Training an XGBoost model

Importing a dataset

PostgresML comes with a few built-in datasets. You can also import your own CSV files or data from other sources like BigQuery, S3, and other databases or files. For our example, let's import the digits dataset from Scikit:

!!! generic

!!! code_block time="47.532ms"

SELECT * FROM pgml.load_dataset('digits');

!!!

!!! results

postgres=# SELECT * FROM pgml.load_dataset('digits');
 table_name  | rows 
-------------+------
 pgml.digits | 1797
(1 row)

!!!

!!!

Training a model

The heart of PostgresML is its pgml.train() function.

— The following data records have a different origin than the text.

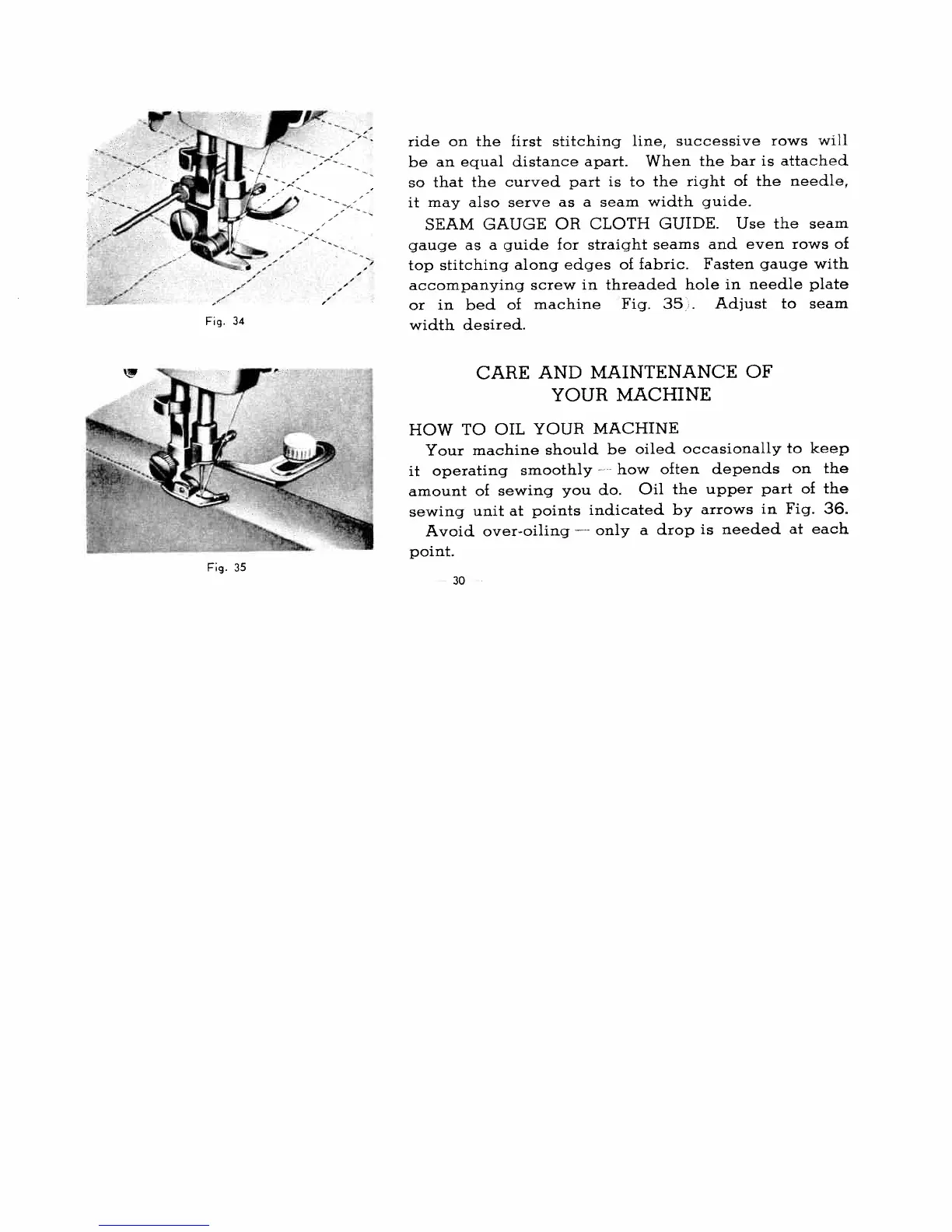 White 2137 - Seam Gauge or Cloth Guide; Seam Gauge Attachment Usage; Care and Maintenance of Your Machine; Machine Oiling Procedure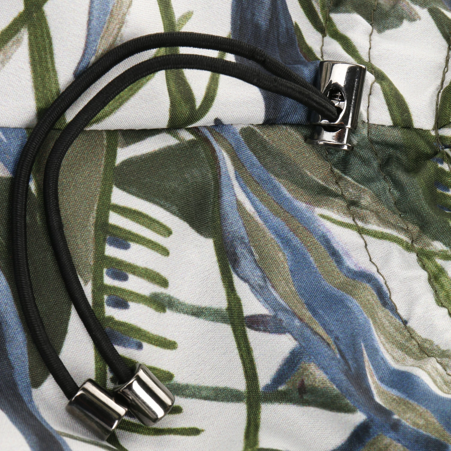 Sie lässt sich klein zusammenfalten und griffbereit verstauen. So ist sie unterwegs sofort zur Hand, falls es zu einem plötzlichen Sommergewitter kommt. Die Kapuze mit floralem Print passt zu Jacken und Shirts und kann selbst zu Kleidern getragen werden. Sie wird einfach über den Kopf gestülpt.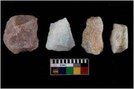 | Description / विवरण | Specimen of a cores with several broad fluted marks and some of them are tapering at one end. |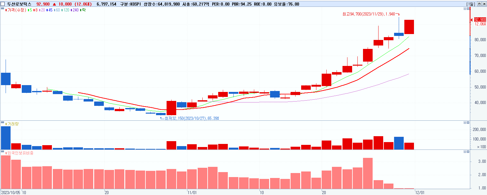 - 두산로보틱스 (92,900원 ▲ 12.06% , 시총: 60,218억, 거래량: 6,811,597, 거래대금:6,027억)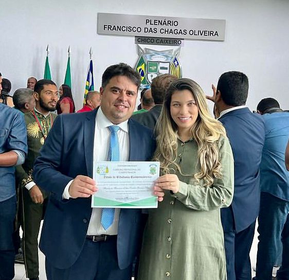 O secretário de Desenvolvimento Rural de Campo Maior, Humberto Filho, ao lado da esposa, Jardane Carvalho, durante entrega do título de Cidadão Campomaiorense na Câmara Municipal.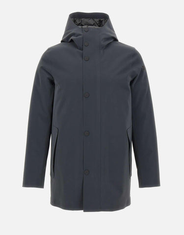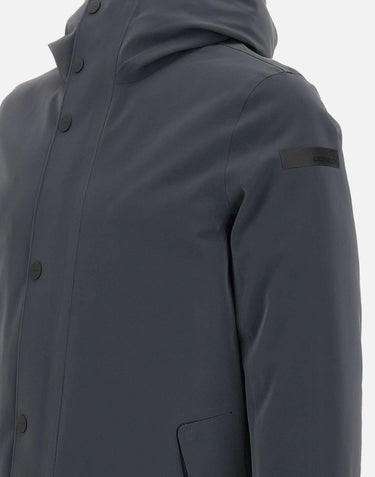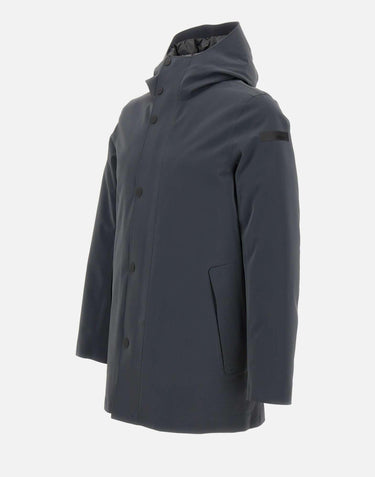 Parka uomo RRD modello "Double Silicon Floating", proposto in grigio fumo con sfumatura blu. Realizzato in tessuto a membrana Stratofabric con speciale spalmatura al silicone che crea un raffinato effetto cangiante, presenta costruzione a taglio laser e incollaggio a caldo per un design pulito e minimalista. Chiusura frontale con zip e bottoni, cappuccio avvolgente imbottito e morbida imbottitura in piuma danatra 90/10 contenuta da canali tubici privi di impunture, grazie allinnovativo sistema Floating Shield, che assicura una vestibilità diritta e impeccabile. Tasche laterali con zip. Completano il capo un taschino interno con zip invisibile e doppio filetto arancione fluo accanto alla tag a cuore "Made with love, designed in Tuscany". Logo a microiniezione nero sulla manica sinistra. Vestibilità regular.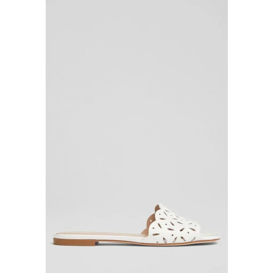 The Amaya mules are crafted in Spain from smooth calf leather in white. They have a single wide strap over the foot embellished with a perforated pattern and a flat heel.

Using only that function, you can load the data from any table or view in the database, train any number of ML models on it, and deploy the best model to production.

!!! generic

!!! code_block time="222.206ms"

SELECT * FROM pgml.train(
    project_name => 'My First PostgresML Project',
    task => 'classification',
    relation_name => 'pgml.digits',
    y_column_name => 'target',
    algorithm => 'xgboost',
    hyperparams => '{
        "n_estimators": 25
    }'
);

!!!

!!! results

postgres=# SELECT * FROM pgml.train(
    project_name => 'My First PostgresML Project',
    task => 'classification',
    relation_name => 'pgml.digits',
    y_column_name => 'target',
    algorithm => 'xgboost',
    hyperparams => '{
        "n_estimators": 25
    }'
);

[...]

INFO:  Metrics: {
    "f1": 0.88244045,
    "precision": 0.8835865,
    "recall": 0.88687027,
    "accuracy": 0.8841871,
    "mcc": 0.87189955,
    "fit_time": 0.7631203,
    "score_time": 0.007338208
}
INFO:  Deploying model id: 1
           project           |      task      | algorithm | deployed 
-----------------------------+----------------+-----------+----------
 My First PostgresML Project | classification | xgboost   | t
(1 row)

!!!

!!!

Making predictions

After training a model, you can use it to make predictions. PostgresML provides a pgml.predict(project_name, features) function which makes real time predictions using the best deployed model for the given project:

!!! generic

!!! code_block time="8.676ms"

SELECT 
    target,
    pgml.predict('My First PostgresML Project', image) AS prediction
FROM pgml.digits
LIMIT 5;

!!!

!!! results

 target | prediction 
--------+------------
      0 |          0
      1 |          1
      2 |          2
      3 |          3
      4 |          4

!!!

!!!

Automation of common ML tasks

The following common machine learning tasks are performed automatically by PostgresML:

  1. Snapshot the data so the experiment is reproducible
  2. Split the dataset into train and test sets
  3. Train and validate the model
  4. Save it into the model store (a Postgres table)
  5. Load it and cache it during inference

Check out our Training and Predictions documentation for more details. Some more advanced topics like hyperparameter search and GPU acceleration are available as well.

Dashboard

The Dashboard app is running on localhost:8000. You can use it to write experiments in Jupyter-style notebooks, manage projects, and visualize datasets used by PostgresML.